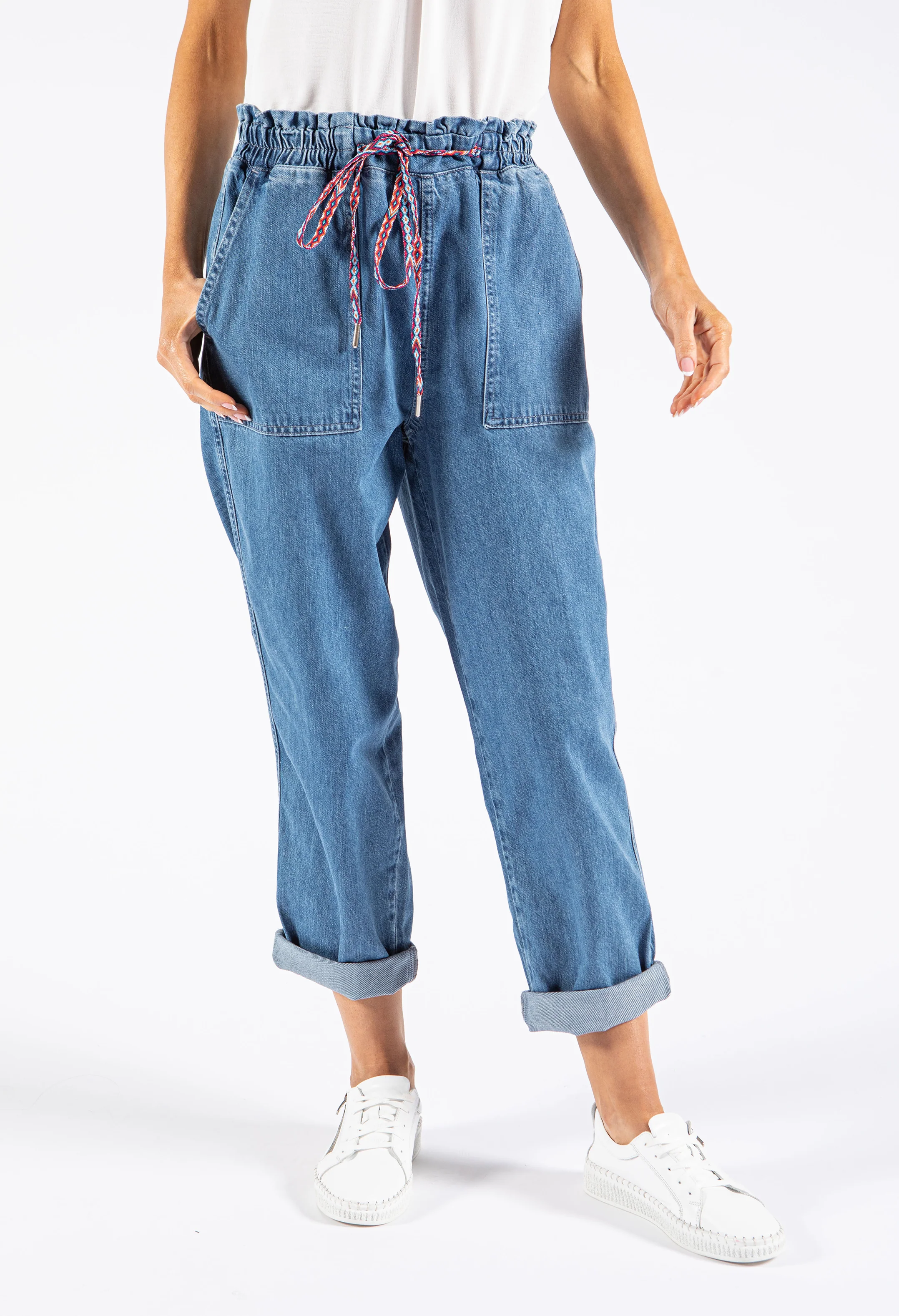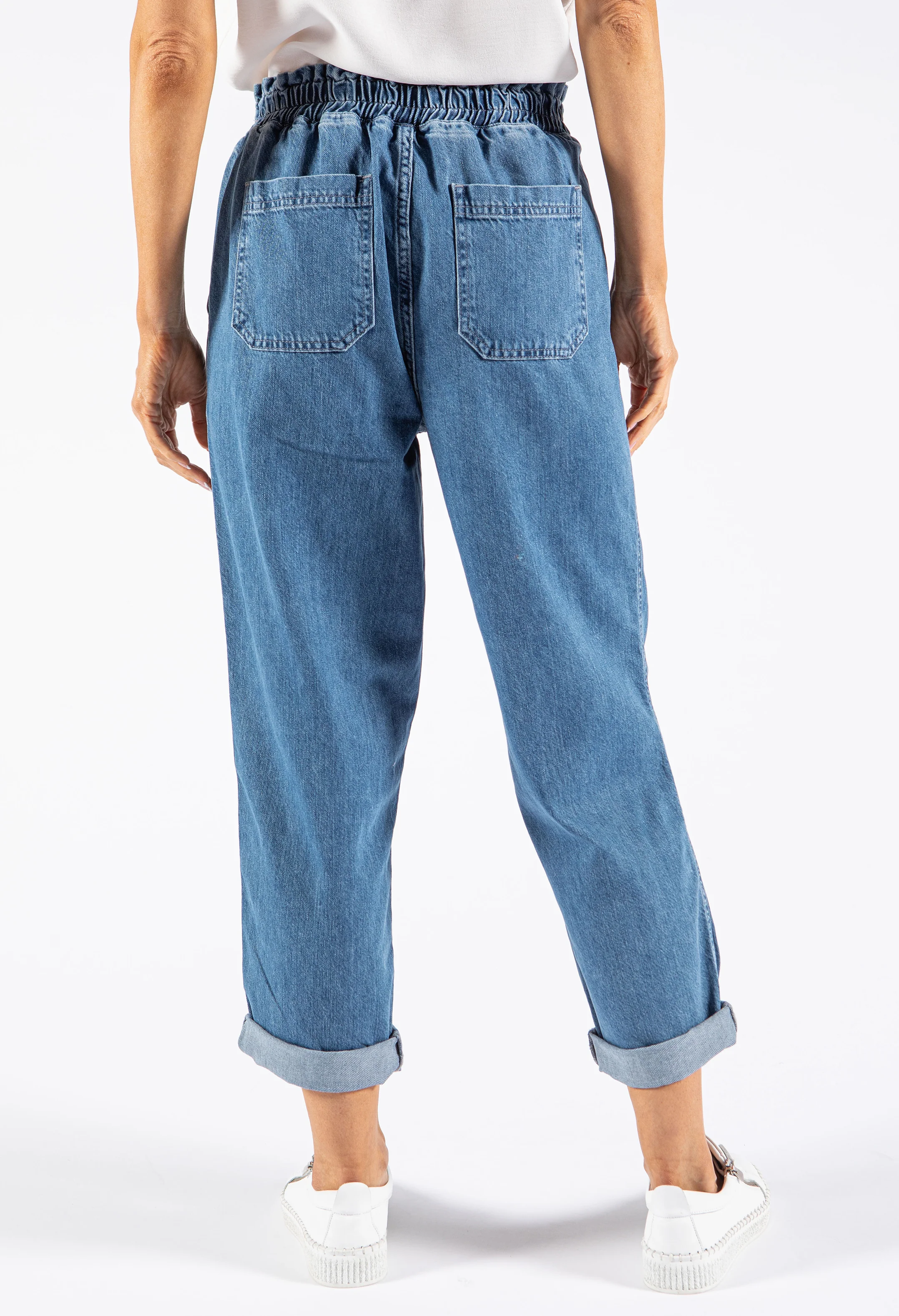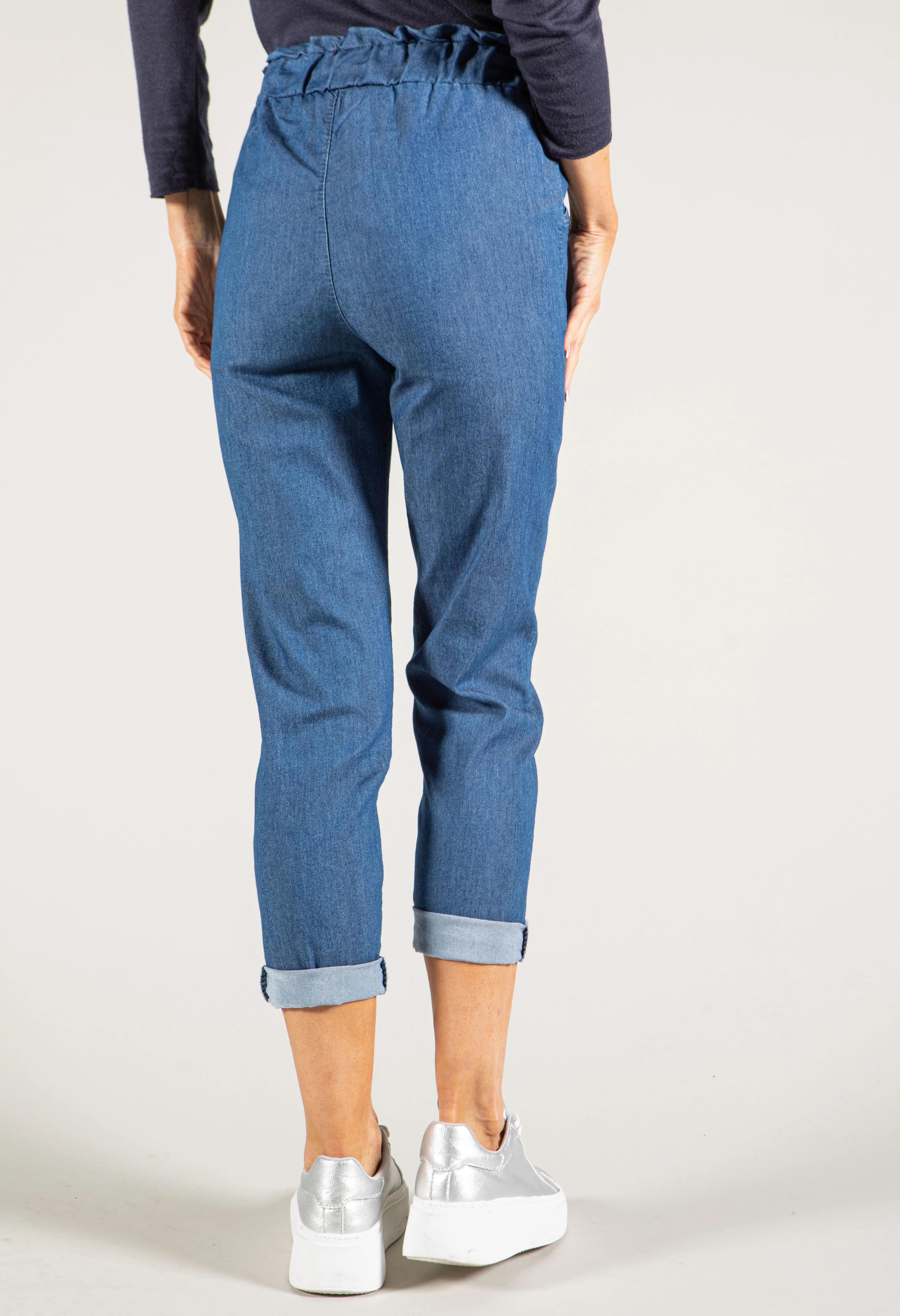 Paper Bag Style Denim Trousers
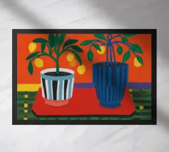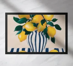 Un albero di limone stilizzato con abbondanti frutti gialli cresce da un vaso a righe bianche e blu, su uno sfondo scuro e lunatico che fa risaltare i colori vivaci della pianta.
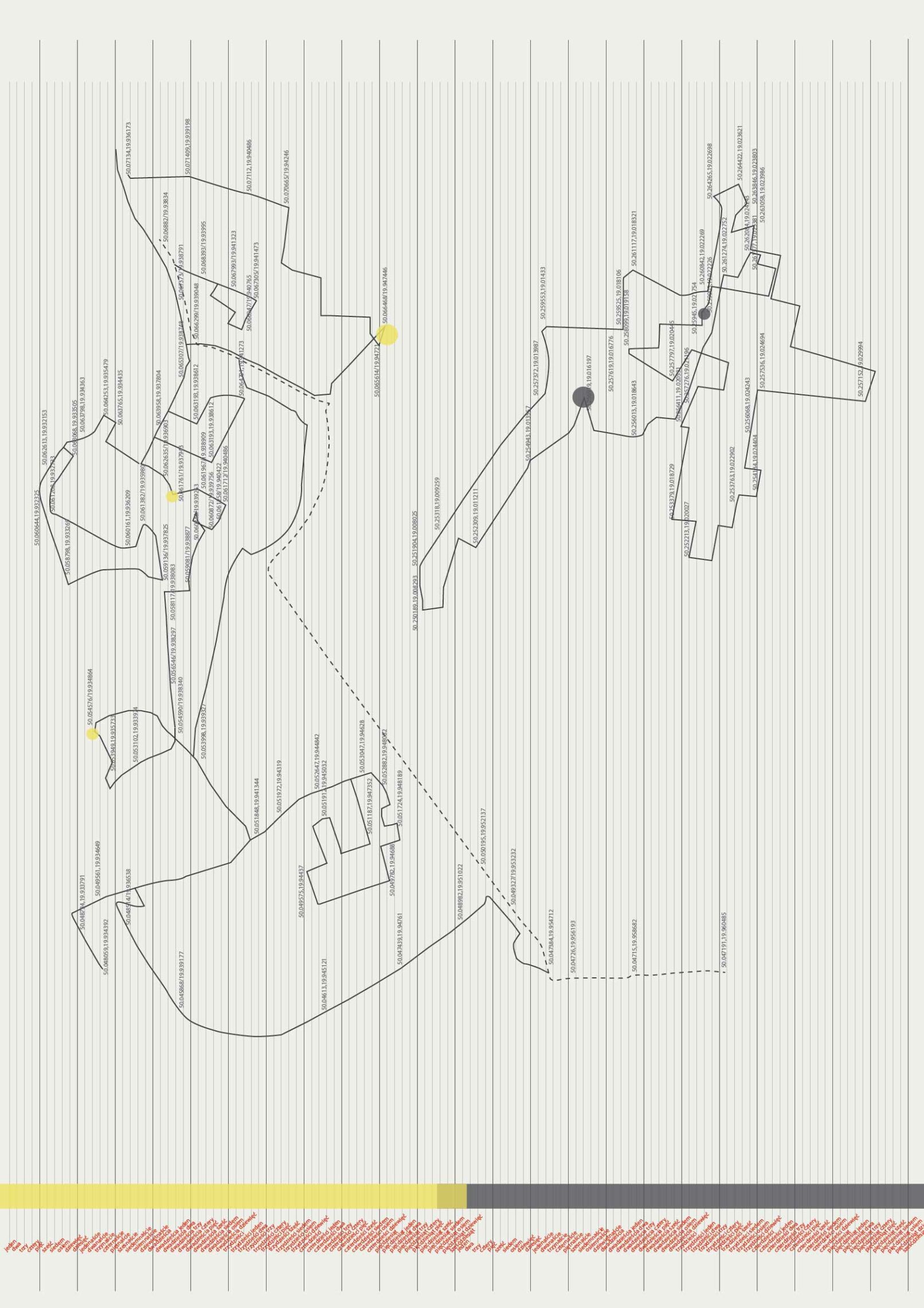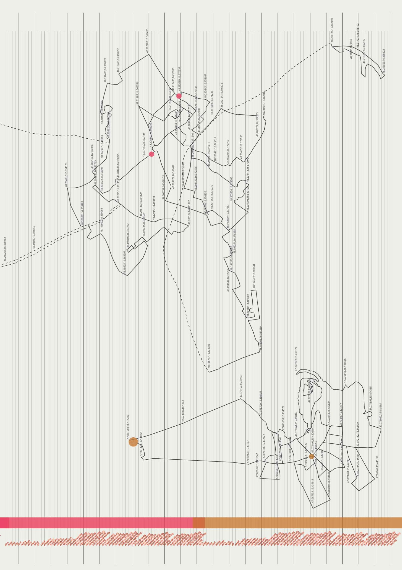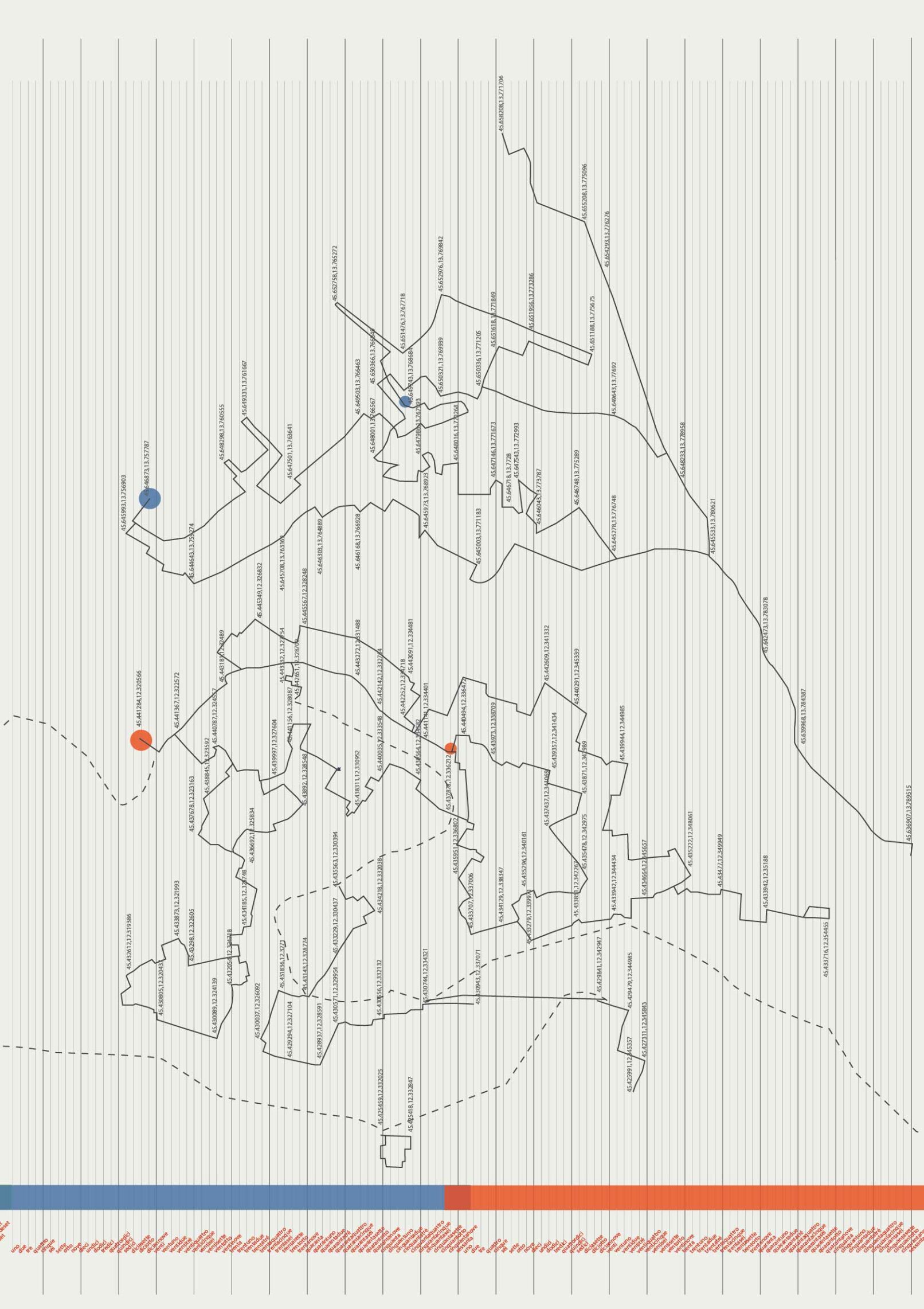 Mit „Kraków to Venice in 12 hours“ zeichnet Magda Stawarska eine Reise nach, die von Polen über die Tschechische Republik, die Slowakei, Österreich und Slowenien nach Italien führte. Stationen waren Krakau, Katowice, Bielsko-Biala, Ostrava, Brno, Bratislava, Wien, Graz, Maribor, Ljubljana, Triest und Venedig. Das Projekt fängt die einzigartigen klanglichen Charaktere dieser zwölf Städte ein und sucht dabei nach ihren Ähnlichkeiten und Unterschieden. Zugleich ist es ein persönlicher und subjektiver Audioreiseführer und ein Tagebuch von Feldaufnahmen, das die verschiedenen Orte über einen Zeitraum hinweg abbildet. Die Künstlerin porträtierte die Städte mit Stereomikrophonen. Zwei davon trug sie auf ihren Wegen in den Ohren, was ihr ermöglichte, das urbane Klangbild aus einer subjektiven Zeitperspektive nachzuzeichnen. Die Unauffälligkeit der Mikrophone gestattete auch die Aufnahme von authentischen Gesprächen, die hernach mit dem einmaligen Klangporträt der Stadt verwoben wurden. Die auf Straßen, Bahnhöfen, Plätzen und in Cafés aufgezeichnete Sprache ist ein zentrales Element der Arbeit, da sie den Übergang von einem Land ins nächste markiert. Im grenzfreien Schengenraum ist sie der einzige räumliche und zeitliche Orientierungspunkt. Das Zifferblatt einer Uhr dient der immersiven Mehrkanal-Klanginstallation als Kompass, wobei die zwölfstündige Komposition synchron zu der echten Reisezeit läuft. Die Plakate „50.06465,19.94498 to 45.441058,12.320845“ zeigen eine Landkarte, auf der die Aufnahmeorte von „Kraków to Venice in 12 hours“ verzeichnet sind. Als Fremde orientierte sich Stawarska-Beaven jeweils an den markanten Plätzen im Stadtraum, doch drängte ihr die jeweilige Stadt auch ihre Struktur auf. So weisen die Kartographien der Wege in jeder Stadt ein charakteristisches Muster auf. Geographische Breiten- und Längenangaben ermöglichen dem Publikum zusätzlich, die exakten Orte der Feldaufnahmen nachzuvollziehen. Das Projekt gibt es auch online als interaktive Plattform, auf der man sich durch den geographischen Raum bewegen und Beispiele der Feldaufnahmen und Kompositionen nachhören kann.

- _Work task_
Return each line of the data, keeping its wording exact and omitting pictures.

- _Expected output_
 Paper Bag Style Denim Trousers
 Un albero di limone stilizzato con abbondanti frutti gialli cresce da un vaso a righe bianche e blu, su uno sfondo scuro e lunatico che fa risaltare i colori vivaci della pianta.
 Mit „Kraków to Venice in 12 hours“ zeichnet Magda Stawarska eine Reise nach, die von Polen über die Tschechische Republik, die Slowakei, Österreich und Slowenien nach Italien führte. Stationen waren Krakau, Katowice, Bielsko-Biala, Ostrava, Brno, Bratislava, Wien, Graz, Maribor, Ljubljana, Triest und Venedig. Das Projekt fängt die einzigartigen klanglichen Charaktere dieser zwölf Städte ein und sucht dabei nach ihren Ähnlichkeiten und Unterschieden. Zugleich ist es ein persönlicher und subjektiver Audioreiseführer und ein Tagebuch von Feldaufnahmen, das die verschiedenen Orte über einen Zeitraum hinweg abbildet. Die Künstlerin porträtierte die Städte mit Stereomikrophonen. Zwei davon trug sie auf ihren Wegen in den Ohren, was ihr ermöglichte, das urbane Klangbild aus einer subjektiven Zeitperspektive nachzuzeichnen. Die Unauffälligkeit der Mikrophone gestattete auch die Aufnahme von authentischen Gesprächen, die hernach mit dem einmaligen Klangporträt der Stadt verwoben wurden. Die auf Straßen, Bahnhöfen, Plätzen und in Cafés aufgezeichnete Sprache ist ein zentrales Element der Arbeit, da sie den Übergang von einem Land ins nächste markiert. Im grenzfreien Schengenraum ist sie der einzige räumliche und zeitliche Orientierungspunkt. Das Zifferblatt einer Uhr dient der immersiven Mehrkanal-Klanginstallation als Kompass, wobei die zwölfstündige Komposition synchron zu der echten Reisezeit läuft. Die Plakate „50.06465,19.94498 to 45.441058,12.320845“ zeigen eine Landkarte, auf der die Aufnahmeorte von „Kraków to Venice in 12 hours“ verzeichnet sind. Als Fremde orientierte sich Stawarska-Beaven jeweils an den markanten Plätzen im Stadtraum, doch drängte ihr die jeweilige Stadt auch ihre Struktur auf. So weisen die Kartographien der Wege in jeder Stadt ein charakteristisches Muster auf. Geographische Breiten- und Längenangaben ermöglichen dem Publikum zusätzlich, die exakten Orte der Feldaufnahmen nachzuvollziehen. Das Projekt gibt es auch online als interaktive Plattform, auf der man sich durch den geographischen Raum bewegen und Beispiele der Feldaufnahmen und Kompositionen nachhören kann.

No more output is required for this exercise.